What you should do ▸
Extract, word for word, each line from the line holding "Short sleeve navy" through the end of the records. Omit every picture.

Exercise inputs ▸
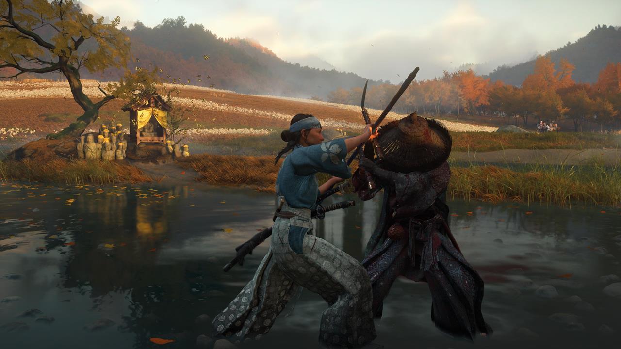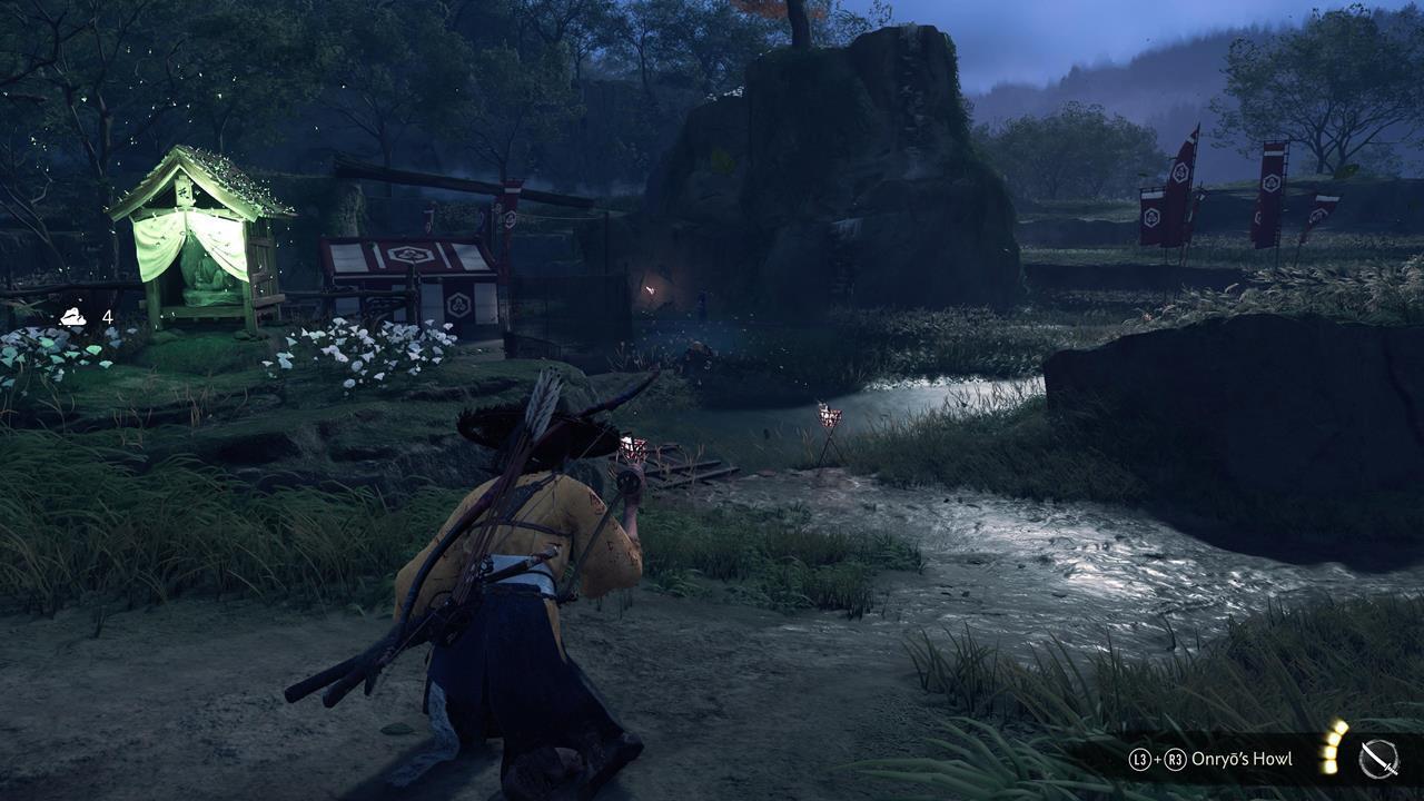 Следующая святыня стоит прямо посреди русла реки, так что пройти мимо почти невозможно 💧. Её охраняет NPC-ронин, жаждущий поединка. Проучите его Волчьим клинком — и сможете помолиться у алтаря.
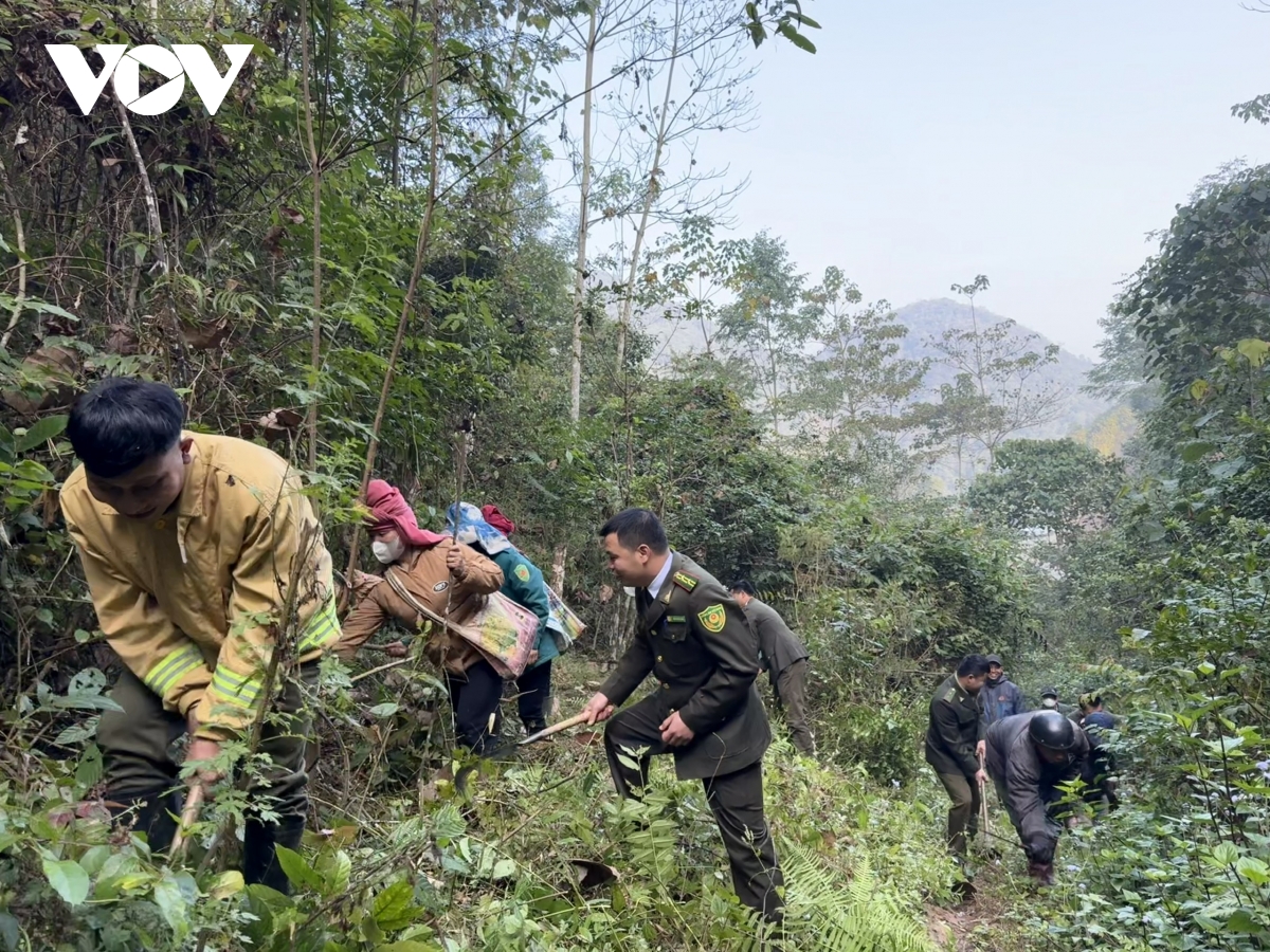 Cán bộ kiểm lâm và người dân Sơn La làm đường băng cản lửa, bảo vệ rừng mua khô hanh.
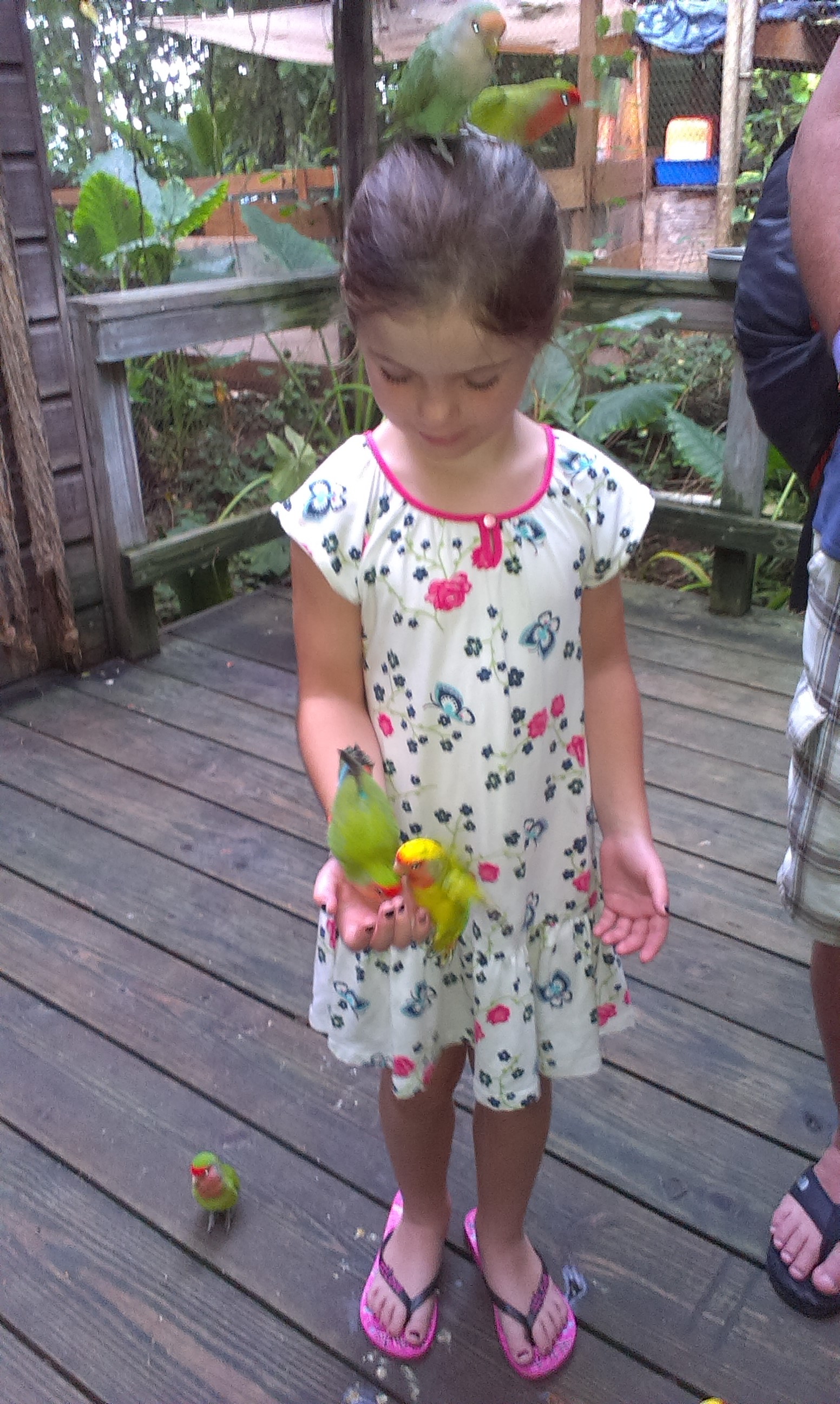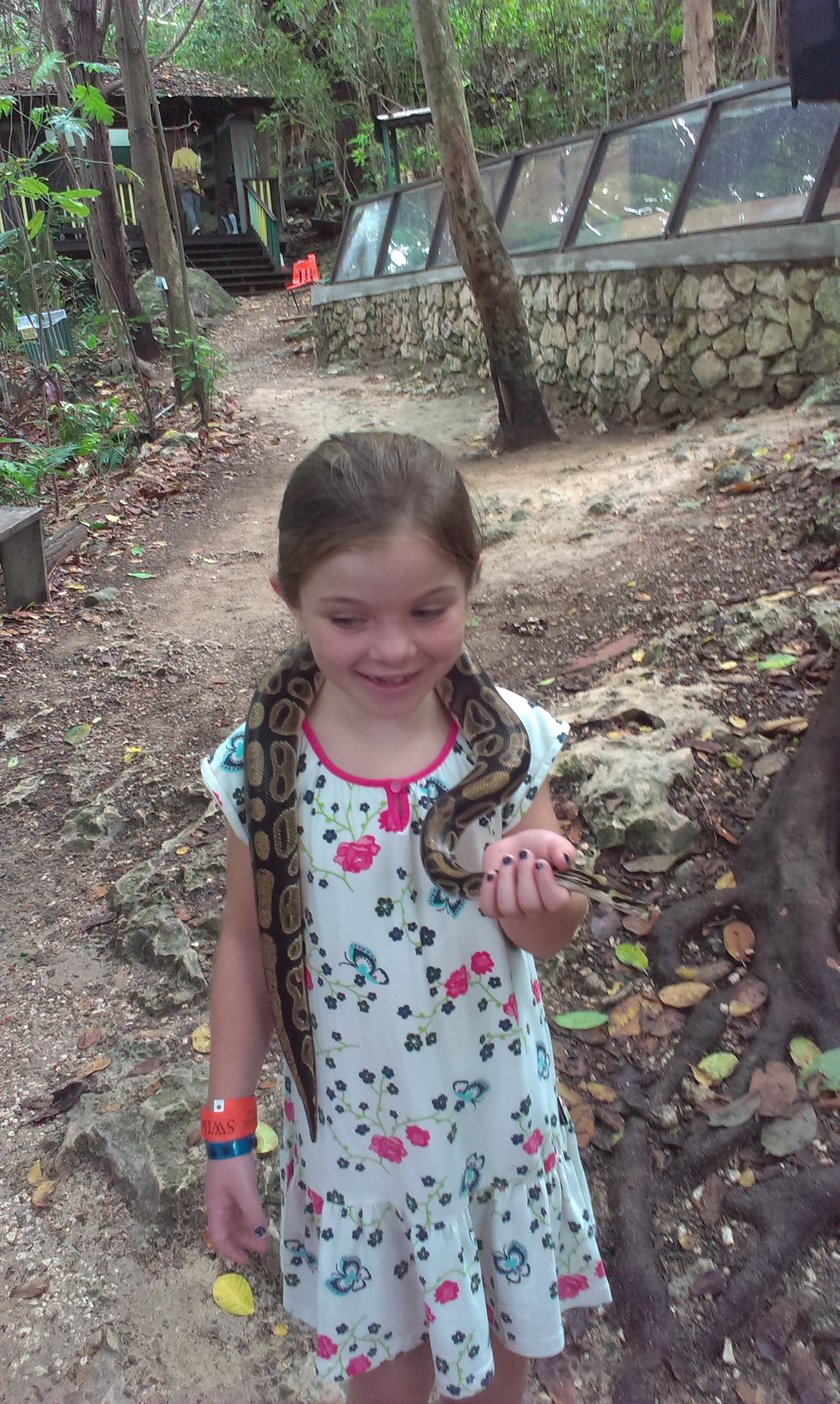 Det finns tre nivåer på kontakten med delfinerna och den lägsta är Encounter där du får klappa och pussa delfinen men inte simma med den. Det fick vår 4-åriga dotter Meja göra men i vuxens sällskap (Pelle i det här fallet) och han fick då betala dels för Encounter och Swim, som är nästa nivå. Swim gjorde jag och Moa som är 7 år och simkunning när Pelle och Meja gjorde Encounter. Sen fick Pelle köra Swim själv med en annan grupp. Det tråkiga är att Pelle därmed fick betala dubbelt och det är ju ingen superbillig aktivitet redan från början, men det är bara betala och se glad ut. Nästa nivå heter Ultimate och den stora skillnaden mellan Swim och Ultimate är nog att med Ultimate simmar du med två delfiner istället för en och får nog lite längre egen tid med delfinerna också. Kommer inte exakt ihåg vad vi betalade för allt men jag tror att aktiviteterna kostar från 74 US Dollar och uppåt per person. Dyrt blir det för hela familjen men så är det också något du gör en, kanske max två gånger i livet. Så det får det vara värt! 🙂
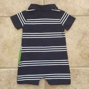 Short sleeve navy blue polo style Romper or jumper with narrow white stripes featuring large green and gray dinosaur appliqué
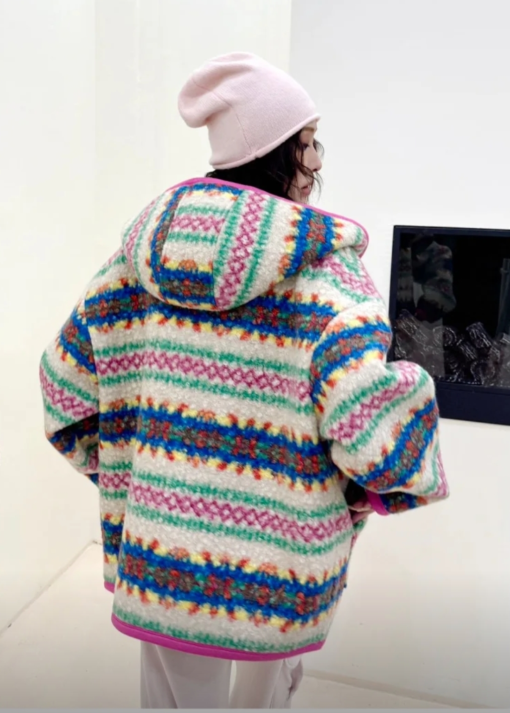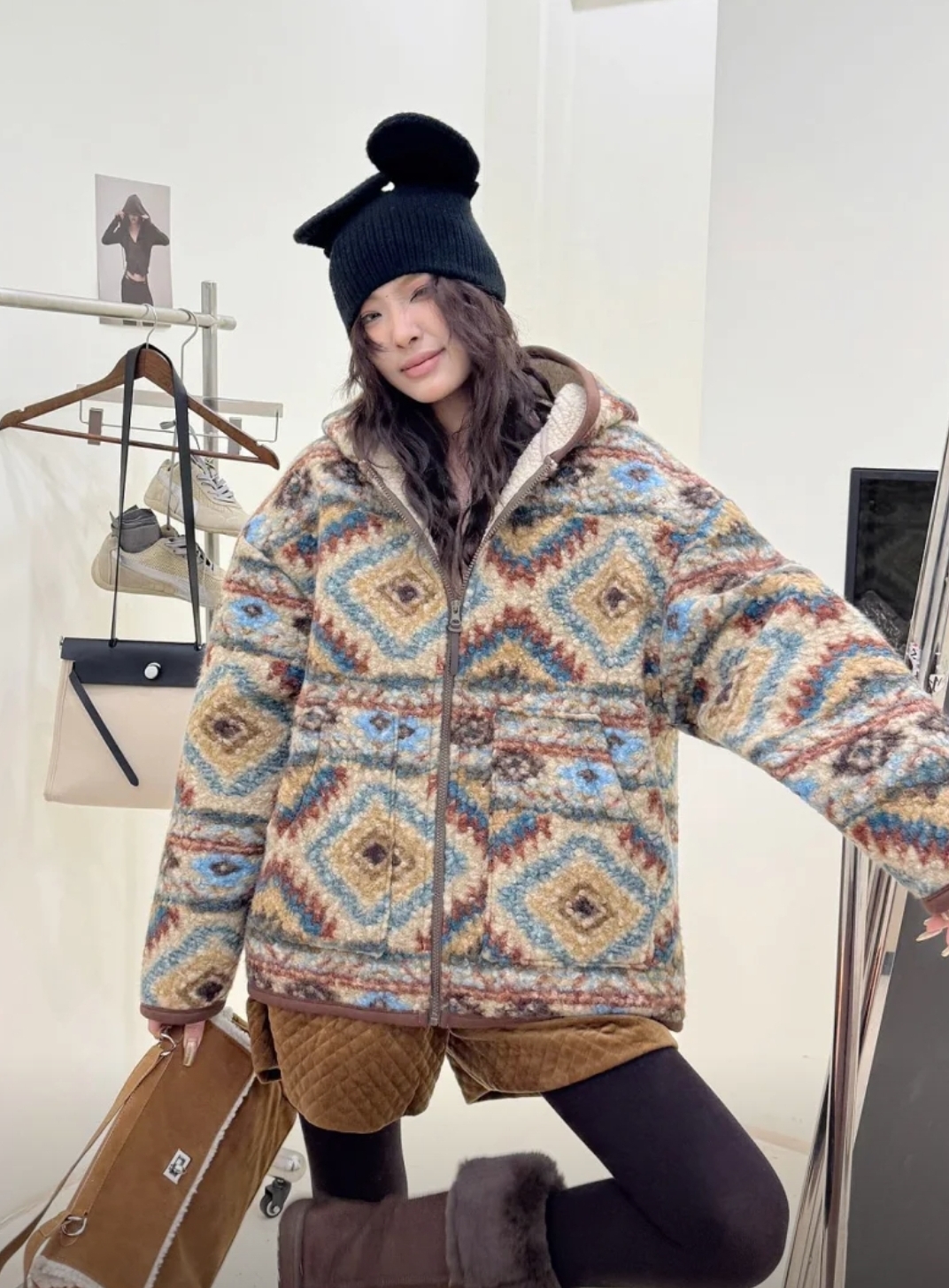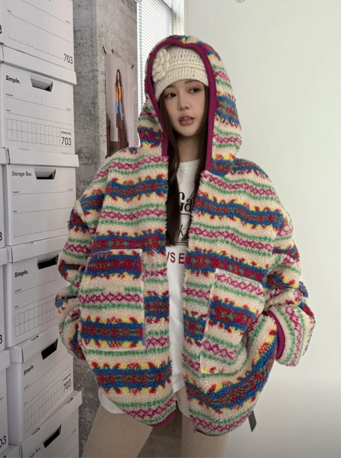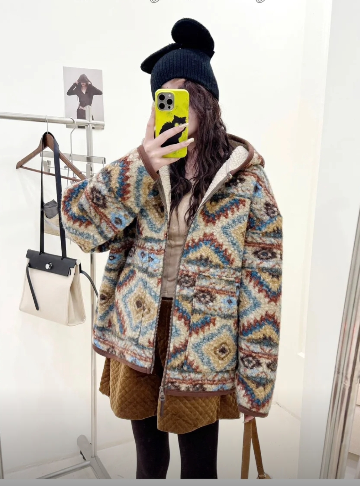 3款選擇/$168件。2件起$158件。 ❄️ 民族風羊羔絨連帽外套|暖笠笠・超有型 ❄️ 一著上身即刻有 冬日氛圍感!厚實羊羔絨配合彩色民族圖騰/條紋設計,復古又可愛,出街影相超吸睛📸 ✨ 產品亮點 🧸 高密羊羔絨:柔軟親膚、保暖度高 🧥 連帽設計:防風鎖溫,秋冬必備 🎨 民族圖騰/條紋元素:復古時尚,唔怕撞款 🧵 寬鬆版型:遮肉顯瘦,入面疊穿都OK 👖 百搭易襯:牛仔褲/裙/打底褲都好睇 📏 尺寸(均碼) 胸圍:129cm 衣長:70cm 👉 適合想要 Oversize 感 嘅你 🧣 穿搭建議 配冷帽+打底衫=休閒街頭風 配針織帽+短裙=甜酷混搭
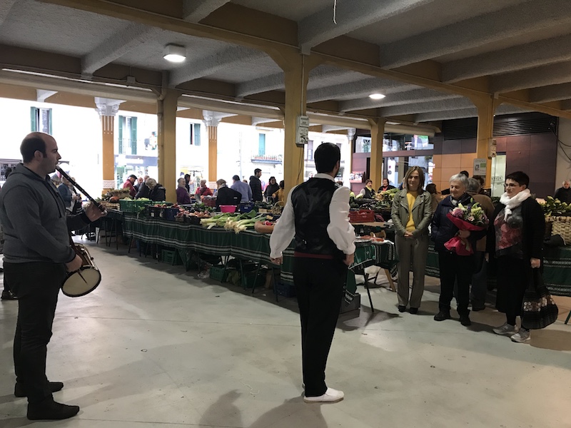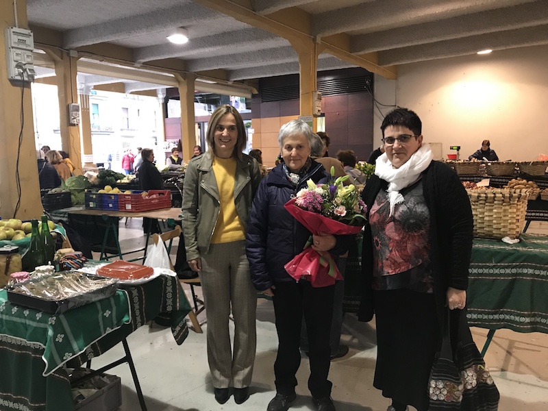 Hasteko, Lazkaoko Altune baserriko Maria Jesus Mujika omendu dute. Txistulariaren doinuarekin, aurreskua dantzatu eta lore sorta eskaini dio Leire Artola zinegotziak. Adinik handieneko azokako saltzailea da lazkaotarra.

Exercise answer ▸
 Short sleeve navy blue polo style Romper or jumper with narrow white stripes featuring large green and gray dinosaur appliqué
 3款選擇/$168件。2件起$158件。 ❄️ 民族風羊羔絨連帽外套|暖笠笠・超有型 ❄️ 一著上身即刻有 冬日氛圍感!厚實羊羔絨配合彩色民族圖騰/條紋設計,復古又可愛,出街影相超吸睛📸 ✨ 產品亮點 🧸 高密羊羔絨:柔軟親膚、保暖度高 🧥 連帽設計:防風鎖溫,秋冬必備 🎨 民族圖騰/條紋元素:復古時尚,唔怕撞款 🧵 寬鬆版型:遮肉顯瘦,入面疊穿都OK 👖 百搭易襯:牛仔褲/裙/打底褲都好睇 📏 尺寸(均碼) 胸圍:129cm 衣長:70cm 👉 適合想要 Oversize 感 嘅你 🧣 穿搭建議 配冷帽+打底衫=休閒街頭風 配針織帽+短裙=甜酷混搭
 Hasteko, Lazkaoko Altune baserriko Maria Jesus Mujika omendu dute. Txistulariaren doinuarekin, aurreskua dantzatu eta lore sorta eskaini dio Leire Artola zinegotziak. Adinik handieneko azokako saltzailea da lazkaotarra.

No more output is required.